Find a sum of the rational terms in the following expression after full expanding. $$\left(\sqrt{2}+\sqrt{27}+\sqrt{180}\right)^{10}$$
Since the term should be rational, each power should be even.
Number of non negative even integers $m,n,q$ satisfying
$$m+n+q=10$$ gives number of triplets as $21$..but its very tedious to find sum of $21$ terms...any other approach?
On
Using Galois theory (as in pisco125's asnwer) and a pocket calculator, $$\tag1\begin{align} (\sqrt 2+3\sqrt 3+12\sqrt5)^{10}&\approx 10377910865876.76\\ (\sqrt 2+3\sqrt 3-12\sqrt5)^{10}&\approx 213278054.90\\ (\sqrt 2-3\sqrt 3+12\sqrt5)^{10}&\approx 6890930010.35\\ (\sqrt 2-3\sqrt 3-12\sqrt5)^{10}&\approx 2263950893293.99\\ \end{align}$$ The average of these four numbers is very close to the integer $$3162241491809.$$ Strictly speaking, we should take the average of eight numbers, namely also those with a negative sign for $\sqrt 2$, but due to the even exponent, we need only half of the summands. As we know from the theory that the answer must be an integer, only decent precision is required in the computations $(1)$.
On
Let $a=\sqrt2$, $b=3\sqrt3$ and $c=6\sqrt5$.

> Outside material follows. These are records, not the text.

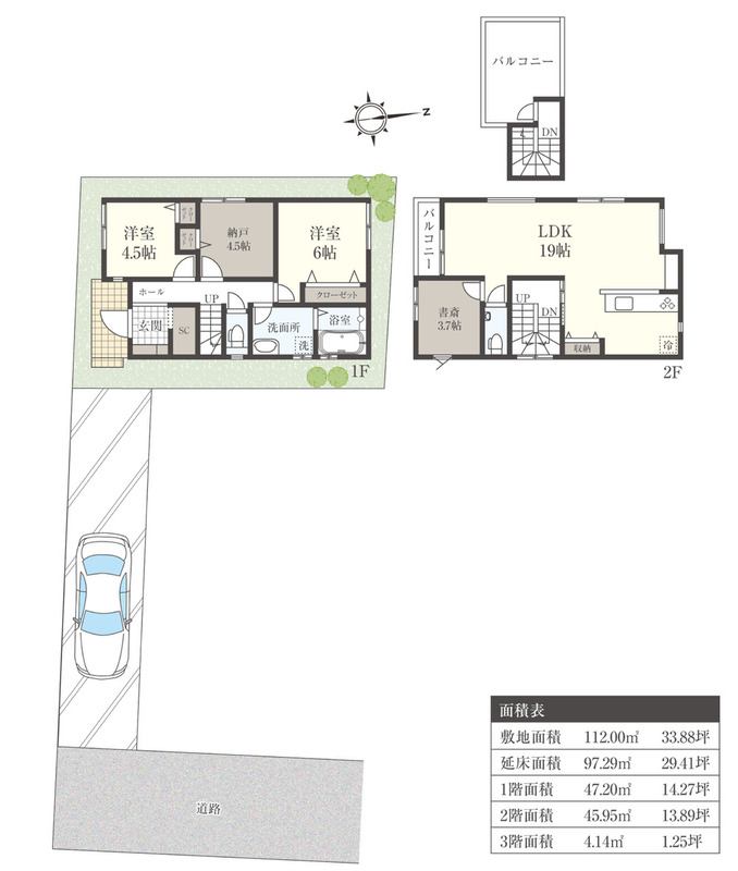 | 建物面積 | 97.29m2 | 土地面積 | 112.00m2 |
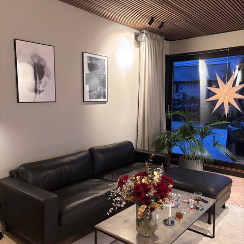 1. Det ene benet til sofaen har en litt skjev gjenge (ikke noe vi merker).
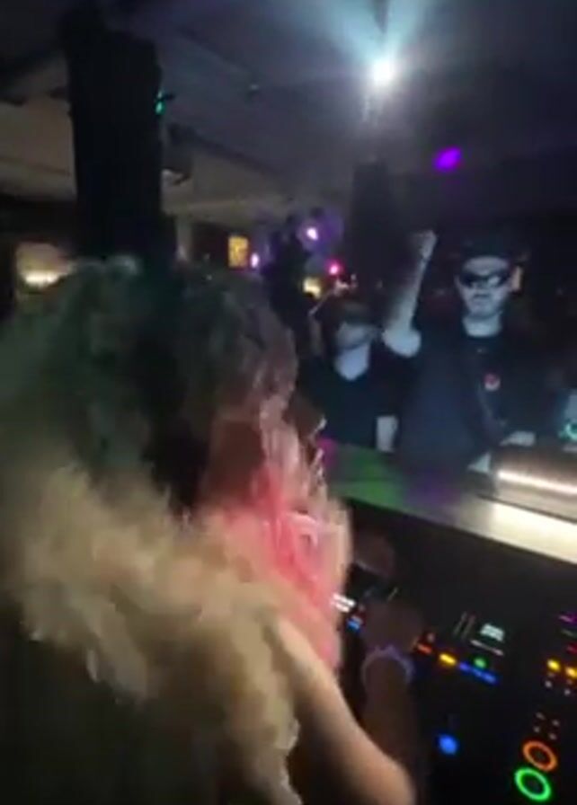 The scene shows a DJ performing in what appears to be a nightclub or party venue. The DJ, who has distinctive light-colored, curly hair with pink highlights, is standing behind a DJ console, operating the equipment. In the background, there are several people, some of whom are facing the DJ and appear to be dancing or enjoying the music. A man with sunglasses is visible, giving a wave. There's stage lighting illuminating the space. The setting seems to be a lively, dark environment.
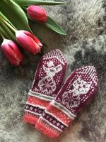 Надя, рукавички оказались для малышей. Схему нашла здесь. Искала детские узоры, по спецзаказу- котики, но все для взрослых. Это единственное, что удалось найти.  Узор на 48 петель, спицы 2,5. Эти рукавички, первые, связаны на ориганальное количество петель. Вторые уже вяжу побольше, увеличила в полосатом узоре на 4 петли и в узоре мышек-кошек еще на 4 (всего 8 ) петель. Сомневаюсь в длине.... приедет старшая внучка, узнаю. Первой ВТО сделала... это тоже немного изменит длину.
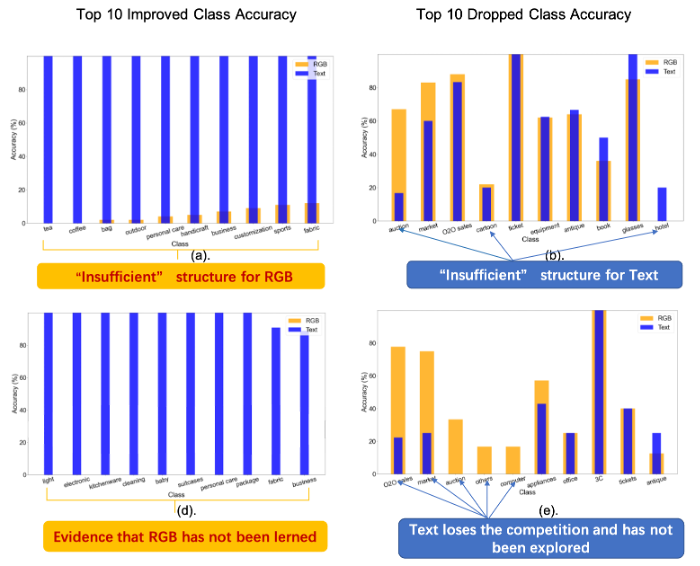 在商品分类(包含图像和文本)任务上验证模态竞争现象的存在
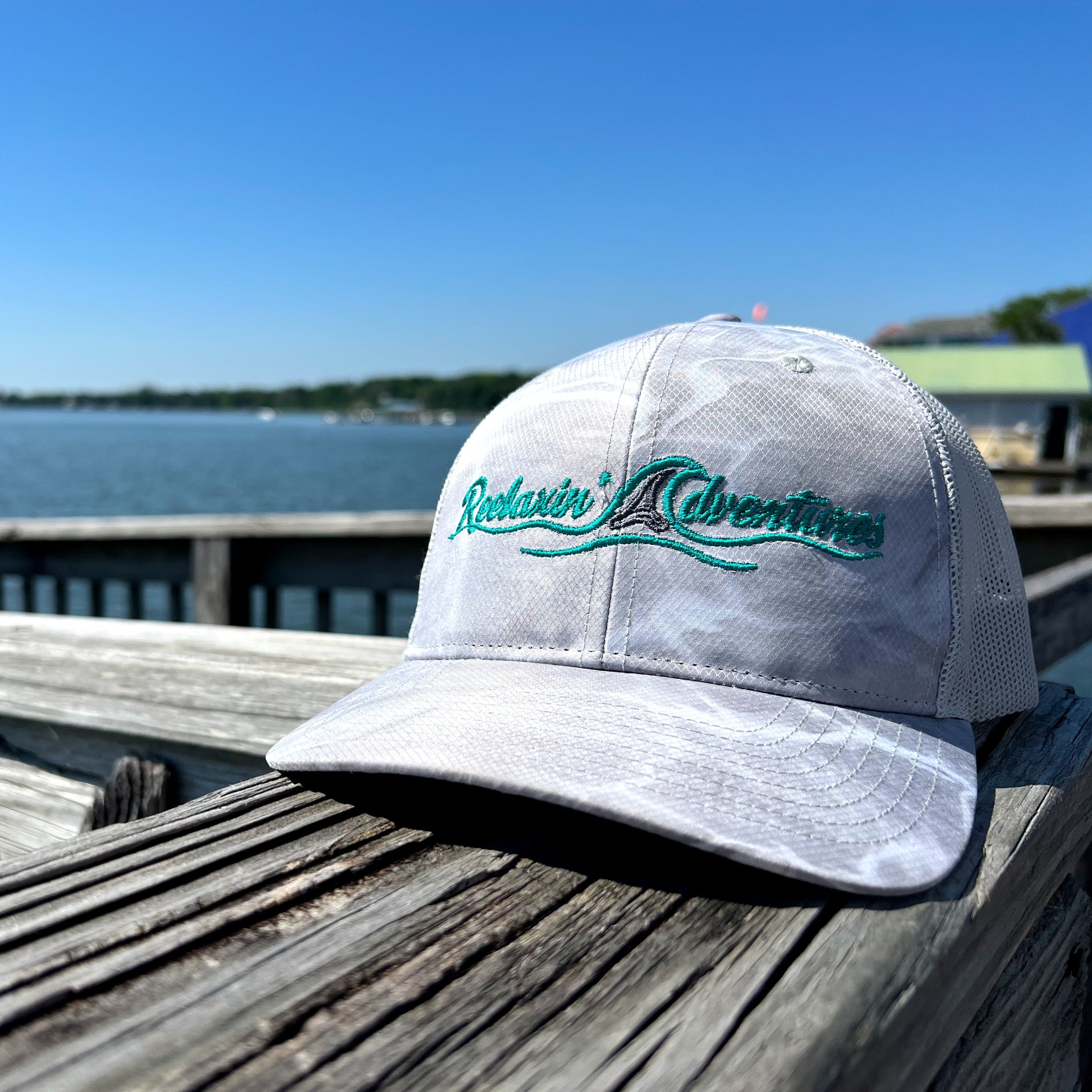 This is a high quality Richardson 112 snapback trucker hat with the Mossy Oak Elements Bonefish pattern. Custom embroidered with the Reelaxin' Adventures logo in a bright teal and charcoal pattern. One size fits all.
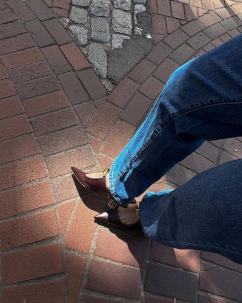 Detal stylizacji z ostrymi czółenkami i prostymi dżinsami pokazuje, że trendy w 2026 roku coraz częściej budują efekt poprzez akcesoria. Wyrazisty nosek butów i metaliczne wykończenie dodają całości charakteru, nawet w bardzo minimalistycznym zestawie.
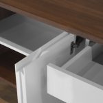 O Buffet Maia 140cm é desenvolvido em MDF revestido em lâmina Carvalho Munique e laca branca fosca. Caixa em 26mm e portas em 19mm. Pés metálico com pintura epóxi e dobradiças com amortecedor.
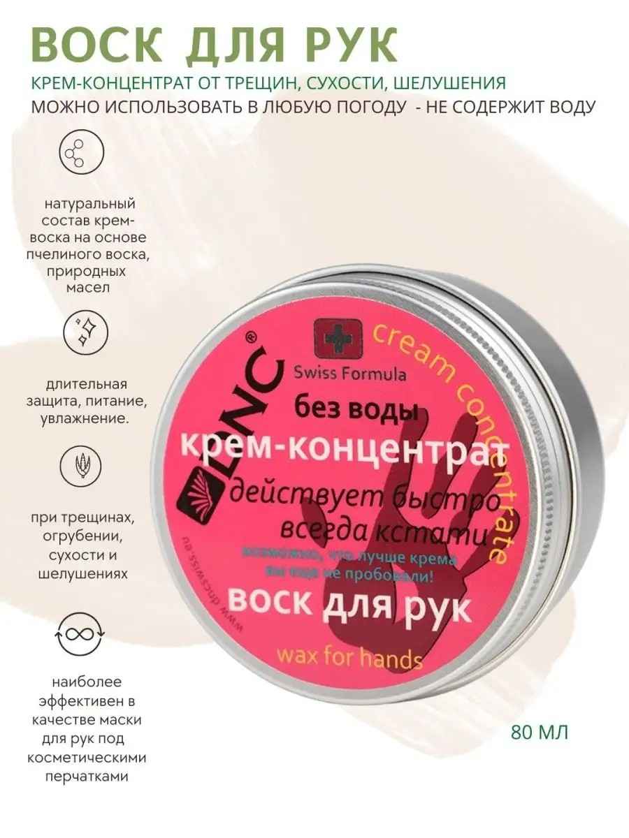 A dense, concentrated hand and nail care cream. Free of mineral oils, preservatives, dyes, fragrances, etc. Acts immediately and effectively on even the most severe skin conditions—cracks, roughness, dryness, and flaking. Contains only active natural ingredients. Ideal for protecting skin even in the harshest conditions. Water-free and suitable for use at any temperature. A completely natural product. Contains only oils, beeswax, and the highest-quality plant extracts. Effective hydration. Maximum nourishment. Works well as an overnight treatment when used with cosmetic gloves. Effectively eliminates microcracks and stimulates skin regeneration, leaving skin soft and supple. Economical use. Volume: 80 ml. Packaging - a jar with a screw cap. / Composition Cream-concentrate "Hand wax": Olive Oil (Olive Oil), Cera Alba (Beeswax), Theobroma Cacao Butter (Cocoa Butter), Chamomile Oil (Chamomile Oil), Cupressus sempervirens Oil (Cypress Oil), Tocopherol (Vitamin E).
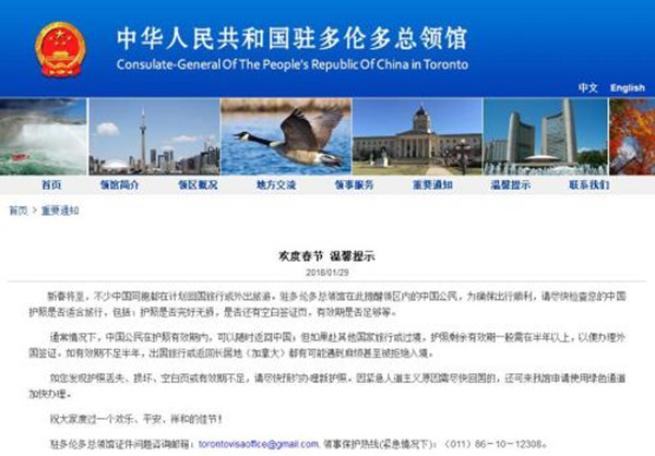 据中国驻加拿大多伦多总领事馆网站消息,新春将至,不少中国同胞在计划回国旅行或外出旅游。驻多伦多总领馆在此提醒领区内的中国公民,为确保出行顺利,请尽快检查您的中国护照是否适合旅行,包括:护照是否完好无损,是否还有空白签证页,有效期是否足够等。
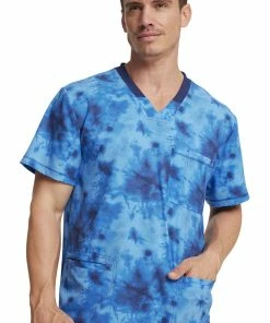 Oozing with style, the Dynamix by Dickies Men’s Tonal Tie Dye Navy Print Scrub Top takes your professional look to the next level. It’s also fully functional, with pockets for storage, side vents for movement, and a comfortable stretch neckline.
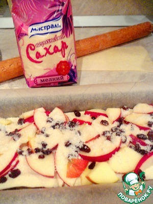 • На нее положить часть нарезанных яблок, 1 ст. л. изюма, 1 ст. л. коричневого сахара ТМ "Мистраль" (я использую мелкий, т. к. он точно в выпечке всегда растворяется, а вкус имеет карамельный),
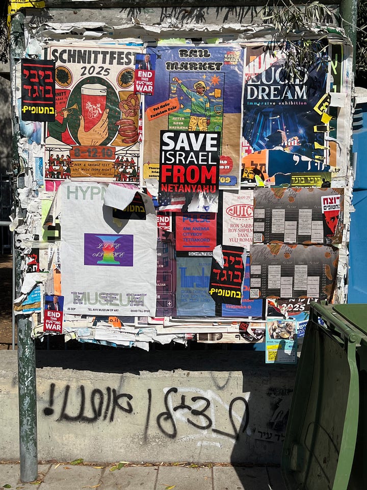 I’ve visited Israel several times since the pro-democracy protests of summer 2023. Each time, the mood among most of the people I know here has ranged from bleak to despondent. In May 2024, when I first attended one of the weekly Saturday protests held on the plaza outside the Tel Aviv Art Museum—now known as “Hostages Square”—the public despair felt overwhelming. In speeches broadcast on huge screens and audible for blocks around, family members of the hostages begged Netanyahu to end the war and bring their loved ones home. Graffiti around the city called him a liar, a traitor, and worse.

Hence, the needed number is $$\sum_{cyc}\left(a^{10}+\binom{10}{8}(a^8b^2+a^8c^2)+\binom{10}{6}(a^6b^4+a^6c^4)+\binom{10}{6,2,2}a^6b^2c^2+\binom{10}{4,4,2}a^4b^4c^2\right)=$$ $$=188971148939+45\cdot30539765574+210\cdot4912928964+$$ $$+1260\cdot322052760+3150\cdot51263280=3162241491809.$$
Note that the Galois group of $\mathbb{Q}(\sqrt{2},\sqrt{3},\sqrt{5})$ over $\mathbb{Q}$ is generated by three automorphism: one swaps $\sqrt{2}$ to $-\sqrt{2}$, the other swaps $\sqrt{3}$ and $-\sqrt{3}$, the last one swaps $\sqrt{5}$ and $-\sqrt{5}$.
Let $\alpha_1,\alpha_2,\alpha_3,\alpha_4$ be the orbits of $(\sqrt{2}+3\sqrt{3}+6\sqrt{5})^2$ under the action of Galois group.
Note that ${\alpha_1}^{5}+{\alpha_2}^{5}+{\alpha_3}^{5}+{\alpha_4}^{5}$ is a rational number, because it is fixed by the three automorphisms above. Your desired answer is $$ \frac{{\alpha_1}^{5}+{\alpha_2}^{5}+{\alpha_3}^{5}+{\alpha_4}^{5}}{4}$$ If your acumen is strong enough, you can also arrive at this result without any Galois theory. Also note that $\alpha_i$ are roots of the root of the polynomial $$510082225 - 19503140 x + 219894 x^2 - 836 x^3 + x^4 = 0 $$ Repeated application of Netwton's identities gives the value of your sum.
As an alternative, a recurrence relation can be used to compute $$S_n = {\alpha_1}^n + {\alpha_2}^n + {\alpha_2}^n + {\alpha_3}^n + {\alpha_4}^n$$ which is given by $$510082225 S_n- 19503140 S_{n+1} + 219894 S_{n+2} - 836 S_{n+3} + S_{n+4} = 0 $$ valid for $n\geq 1$. You have to know $S_1,S_2,S_3$ to get this recurrence running. You might want to use this as an alternative to compute $S_5$ or $S_n$ for higher $n$.